以一個簡單的例子來說，也許你預期如果 handler 每次被運行就印出自己是第幾次被執行，也就是印出的 pattern 是:
```
this is the 1 time of handler
this is the 2 time of handler
```
但是設想一下，如果第一個 handler 在 `/* do something */` 的途中又被 signal，於是在第一個 handler `printf` 先執行了 `a++`，結果也許就變成:
```
this is the 2 time of handler
this is the 2 time of handler
```

為了避免非預期的結果，建議將 `signal()` 換成 `sigaction()`，後者就類似在 interrupt handler 執行時會關掉 interrupt 一樣，避免前述的問題發生。

順帶一提，application 和 kernel 的 signal 不大相同:

* 對於 application 來說，signal 會被立即傳遞出去。 
* kernel 會先 pending signal ，再從 interrupt 或者 system call 返回 userspace 時檢查是否有 pending signal 並傳遞出去。


### Native POSIX Threading Library (NPTL)

甚麼是 thread?
* thread 是 OS 進行排程與執行的單位
* 在一個 address space(process) 中，可以存在一至多個 thread 
* 以 linux 而言，也就是多個 `task_struct` 共享同一個 `mm_struct`

早期的 linux 中(2.6 版以前)，process 與 thread 的關係是充滿曖昧的。
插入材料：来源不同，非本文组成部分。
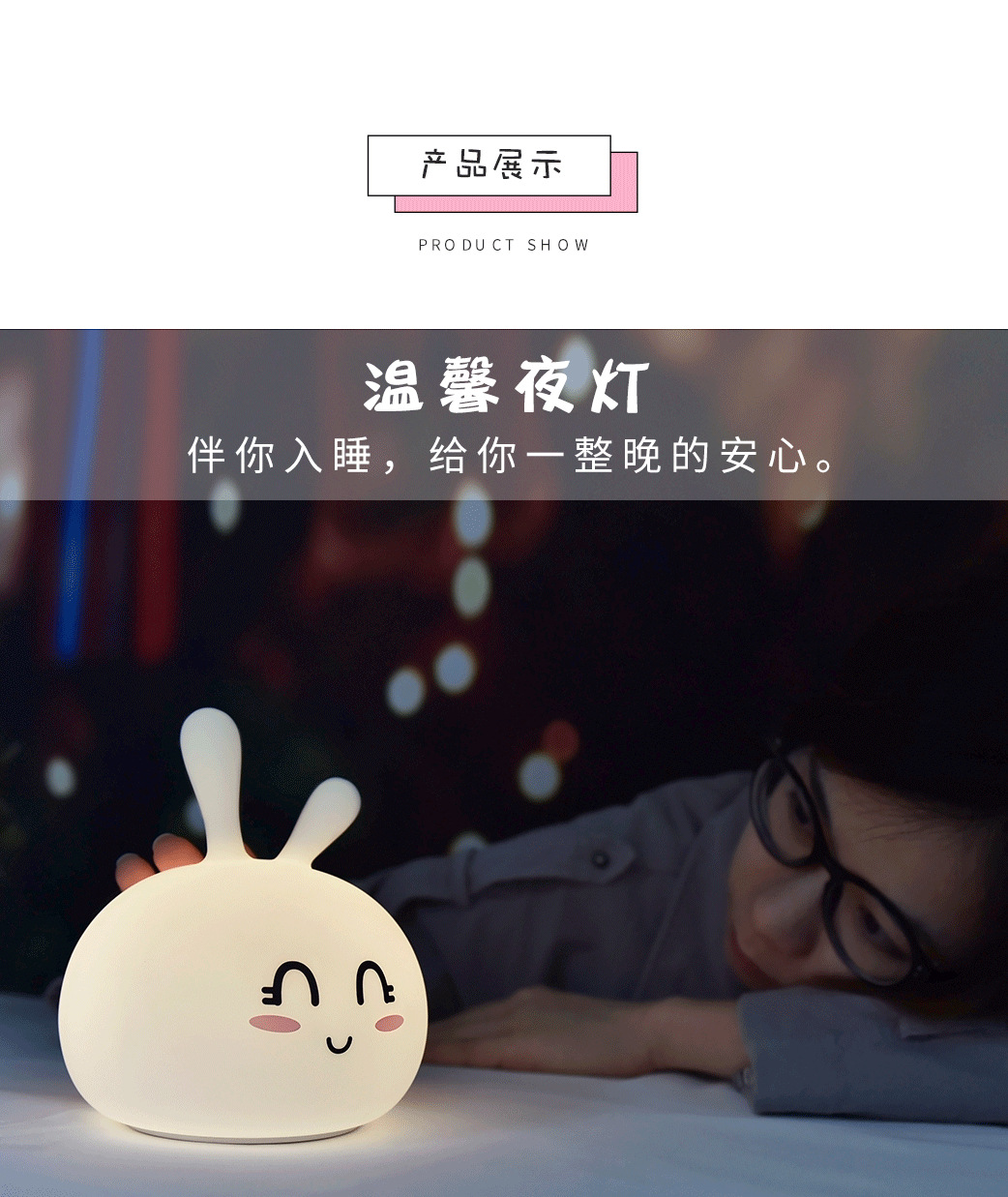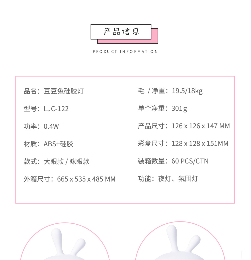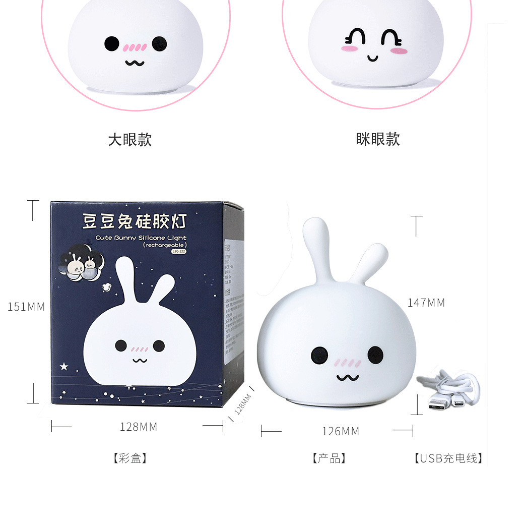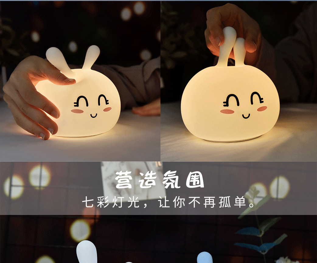 商品名称:豆豆兔硅胶灯 温馨七彩小夜灯 小礼品定制
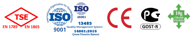 سيارة الإسعاف ذات العلامة التجارية مرسيدس مزودة بأضواء LED على السقف، وأضواء تحذيرية على الجوانب، ونظام صافرات إنذار يمكن التحكم فيه بواسطة السائق ويتميز بأنماط تشغيل متنوعة.
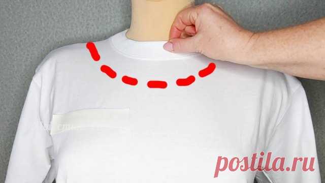Как увеличить вырез за 5 минут, чтобы не давил шею Если горловина у футболки слишком маленькая - носить её невозможно – давит, душит и даже портит посадку. Но не спешите откладывать вещь в дальний угол! В этом видео покажу, как легко расширить горловину за 5 минут, не добавляя лишнюю ткань и не портя внешний вид.
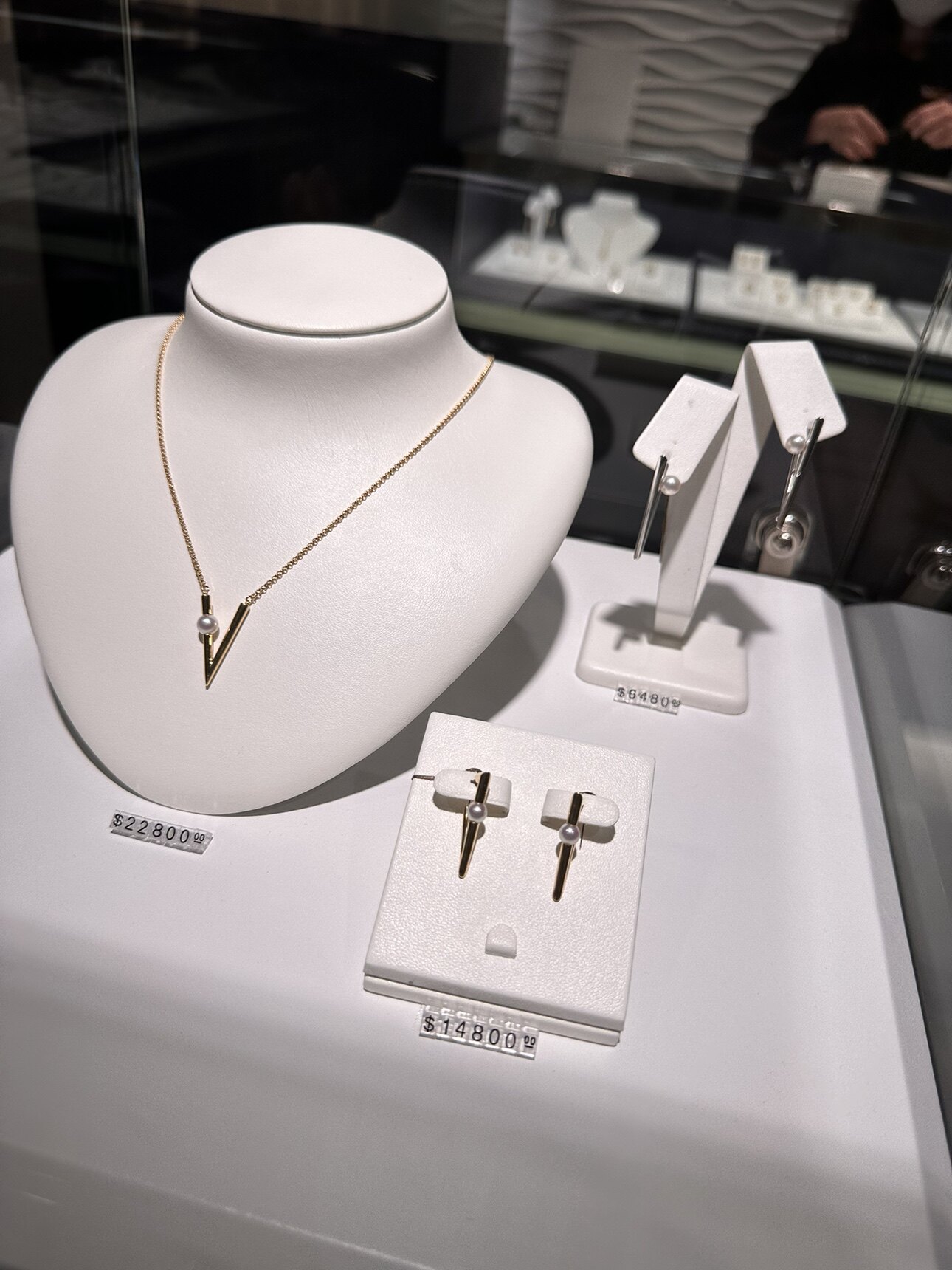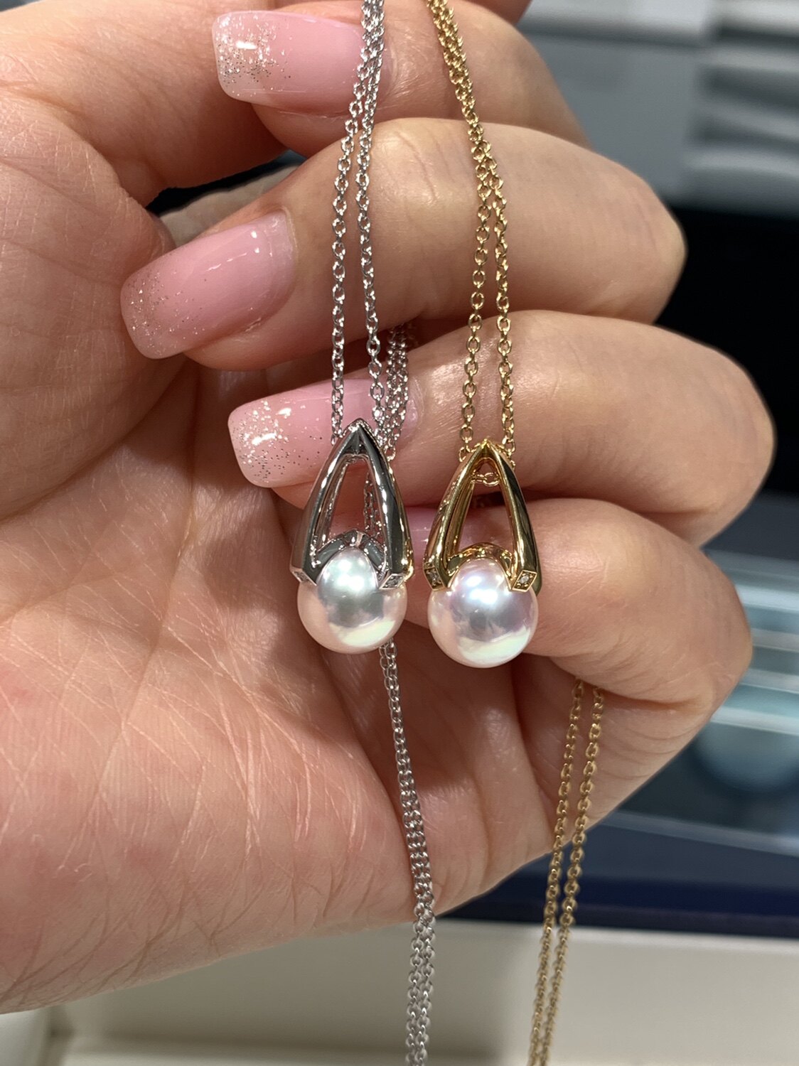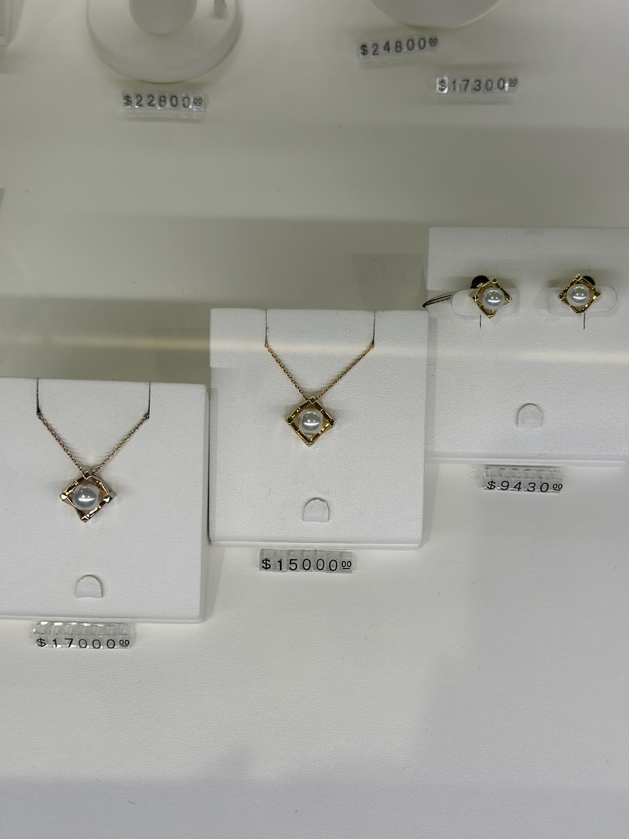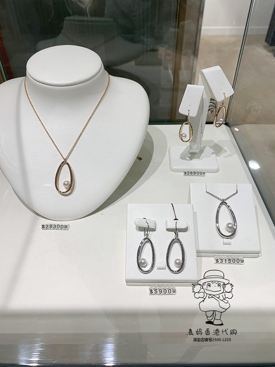 香港MIKIMOTO御木本18k黄金V型设计Akoya海水珍珠女生项链耳环
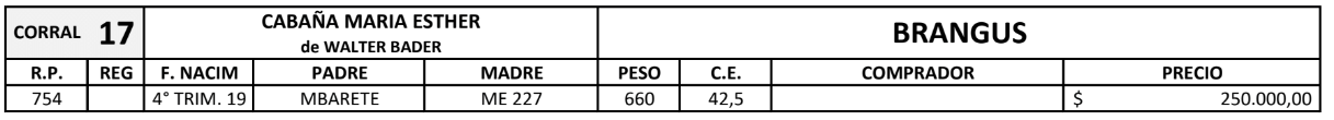 LOTE 33, TOROS(CORRAL 17)BRANGUS "CABAÑA MARIA ESTHER" 🔥 🔥 🔥 Lote Anterior Volver al remate Lote Siguiente Información del Lote Pedigree Ofertar Contacto Chaco - Gral. San Martín Información del Lote Identificador: #126706 Categoría Toros Raza Brangus colorado Certificado 1 Departamento Chaco Ubicación Gral. San Martín Plazo Consultar Chaco - Gral. San Martín Ofertar Fecha de cierre: 02 de Septiembre a las 16:05hs. Prórroga: 5 minutos Aún no tiene ofertas Plazo: Contado 30 días 45 días 60 días 90 días 120 días 180 días Contado, 30 y 60 dias Su Oferta en $: − + Step: -5.000,00 / +5.000,00 Programar puja hasta: Programar puja hasta Aumentar puja programada 260000 350000 **Oferta al bulto Iniciar sesión para ofertar Ofertar Compra por $ 99.000.000,00 Ofertas Recibidas $ Fecha/Hora Estado Este lote aún no tiene preofertas. ¿Estás seguro de comprar el LOTE TOROS(CORRAL 17)BRANGUS "CABAÑA MARIA ESTHER" por $ 99000000 ? 80 Visualizaciones ClicData Pedigree Contacto Comercial a cargo: Santiago Usandizaga Empresa: CASA USANDIZAGA S.A. Nombre*: E-mail* : Mensaje Enviar Registrese gratis Este contenido Exclusivo está disponible sólo para usuarios registrados Ingresar
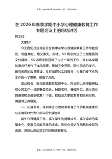 在2026年春季学期中小学心理健康教育工作专题会议上的总结讲话.docx
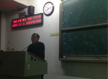 说法,指出目前许多学生喜欢占后排上课的不良现象,鼓励大家争坐前排,并说学生积极主动的求学态度才是取得成功的内因,而教师的授课则是受之影响的外因。争坐前排,不仅反映着学生态度上的端正,更体现着对自身能力的自信,这些都是日后竞争中脱颖而出的必备素质。接着,唐教授摘取水木清华的一段话来勉励大家:如果将英语的26个字母由A到Z分别编上1到26的分数,那么你的知识(KNOWLEDGE)只能得到96分,努力工作(HARDWORK)也只能得到98分,只有态度(ATTITUDE)才是左右生命全部的100分。
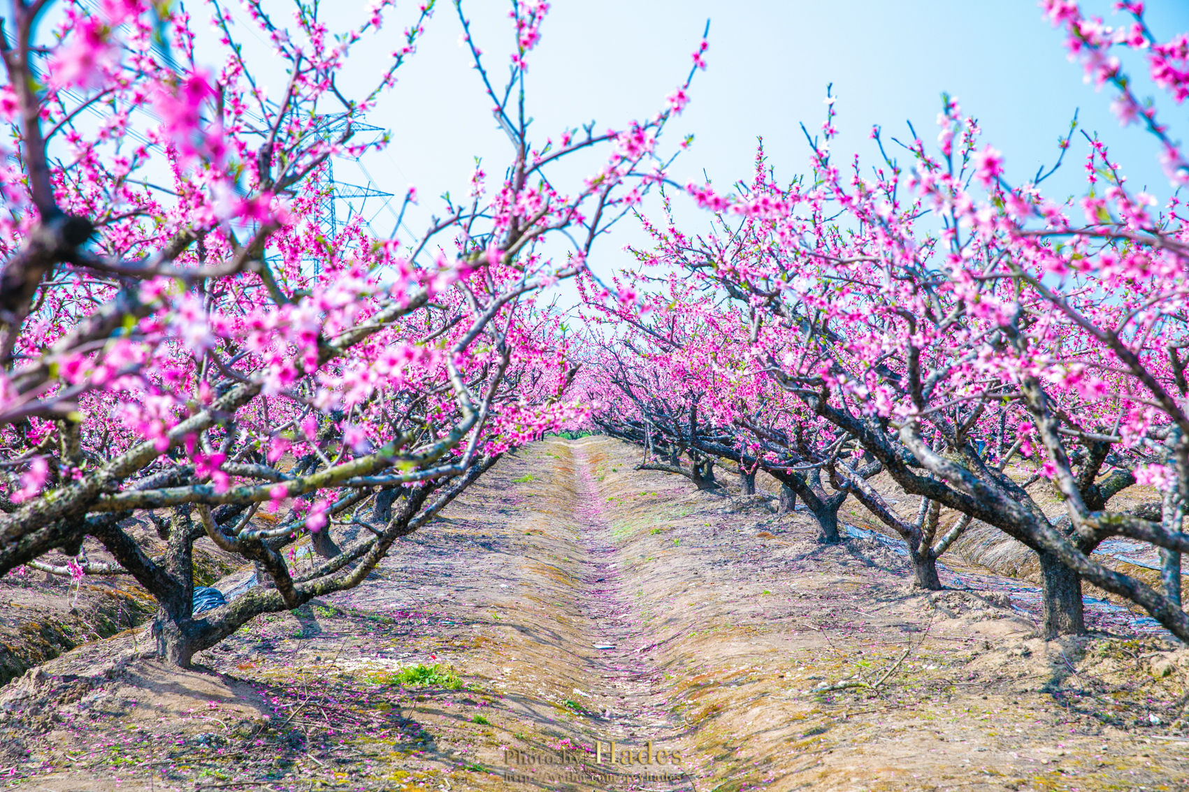 桃园中的树与树的间距很大,甚至可以在两排树间散步慢走。这样的树间距非常适合游客游览和拍照。站在这花海之中,张张都是粉嫩的色彩。

由於 linux 初期是以 single thread 為導向的作業系統，因此 process 是最小的排程單元。但提供了 system call [clone](https://man7.org/linux/man-pages/man2/clone.2.html)，可以用來提供共用 address space 的 **process**，你可以在 man page 中讀到：

> For example, using these system calls, the caller can control whether or not the two processes share the virtual address space

意即: 用 clone() 產生的 thread，本質上仍是 process，可以說 Linux 核心中定義的 “thread” 只做到了資源共享，而不構成執行工作的最基本單位。這也導致了 linux 中的 thread 與 POSIX 的標準不兼容。舉例來說，因為不是真正的 thread，如果某個 thread 的 signal 被 block 住，其他同一個 address space 下的 signal 也會連帶被 block 掉。

延伸閱讀： [Linux threading models compared: LinuxThreads and NPTL](https://pdfs.semanticscholar.org/a1a7/451a1332d62ea6a6414f3e474e5415e523eb.pdf?_ga=2.105282755.1976655423.1597985306-1100633812.1597985306)

## TODO
- [ ] 研究 linux source code 如何透過紅黑樹加速 VMA 的 access 時間
- [ ] 研究 linux source code 的 signal 機制，包含 system call 的流程與 kernel 如何處理
- [ ] 研究 task_struct 的設計，包含 fork 、 clone 等相關的 system call，以及 thread、process 與之的關係。